Says Swetnam, “Increasing numbers of large forest fires and total area burned in the western United States are significantly correlated with warming and drying trends. ... There is a clear upward trend in the area burned and numbers of large forest fires in the western U.S., especially since the mid-1980s.”
Adds Luers, “In terms of the wildfires we’re seeing today, while we can’t attribute these specific events to global warming, these are consistent with a trend of increasing wildfire activity throughout the West that has been linked to climate.”

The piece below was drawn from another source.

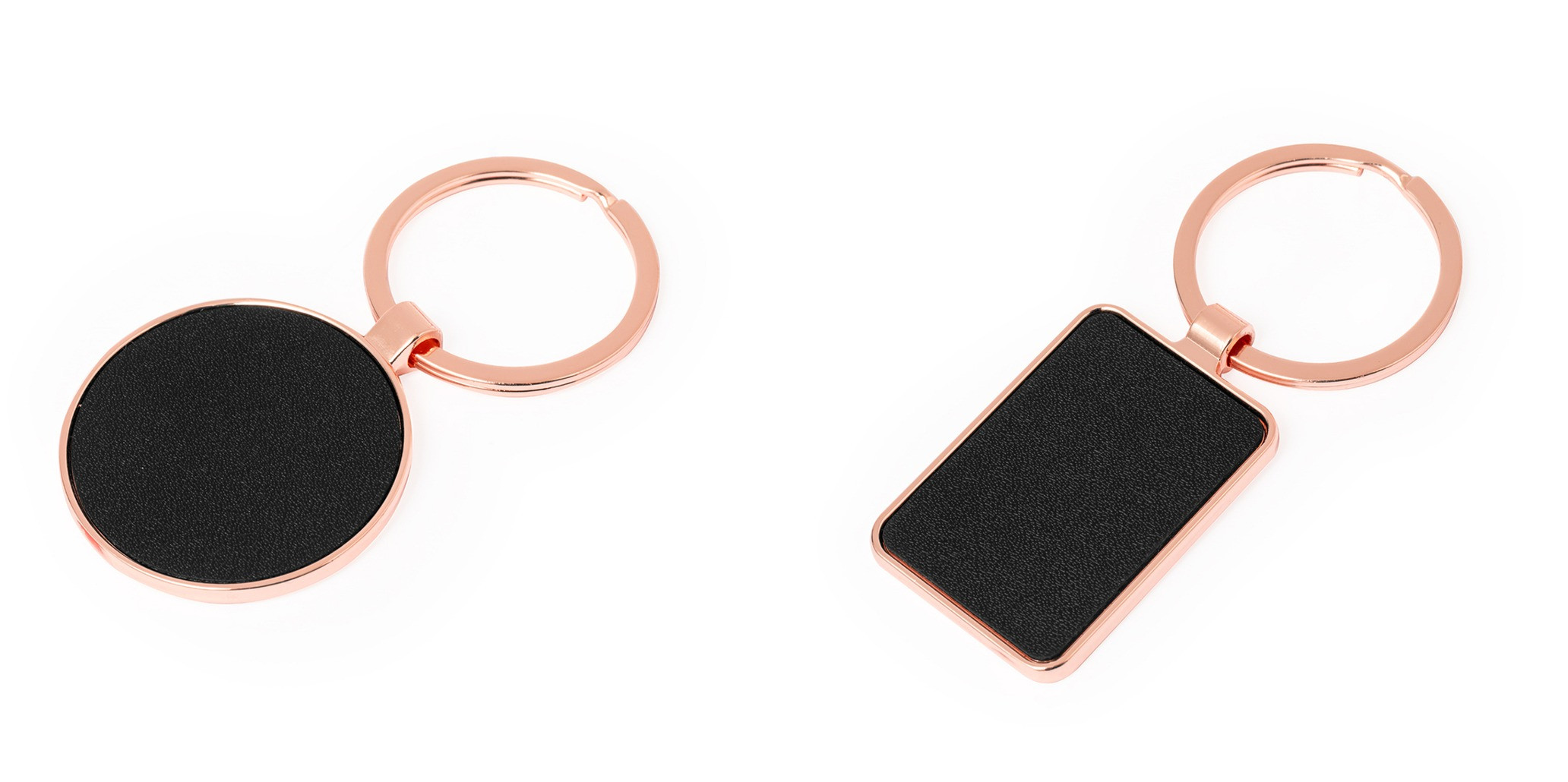 Llavero metálico de sofisticado diseño, con recubrimiento de cobre galvanizado y acabado brillo. Forrado en elegante polipiel en una de sus caras y disponible en diseño rectangular y circular. Presentado individualmente bolsa de papel reciclado.

We can concur with Swetnam and Luers on the climatic changes that are occurring, but there are too many variables, such as the lack of clearing of old underbrush, homes built in areas of high fire danger, inadequate forest management and bad luck, that should be considered before making Luers’ leap to her conclusion: “The science further suggests that if we do not make dramatic cuts in our emissions of global warming pollution, the wildfires throughout the West could lead to dramatic changes in the western landscapes.”
But this is what “the sky is falling” crowd is spinning for Californians and other Americans even before the flames are out.
Where was this crowd in November 1993, when more than 20 wildfires in Southern California consumed 193,814 acres, destroyed more than 1,000 homes and killed four people?
Where was the crowd in September 1970, when wildfires in the San Diego County mountains charred 175,425 acres, destroyed 382 structures and killed six people?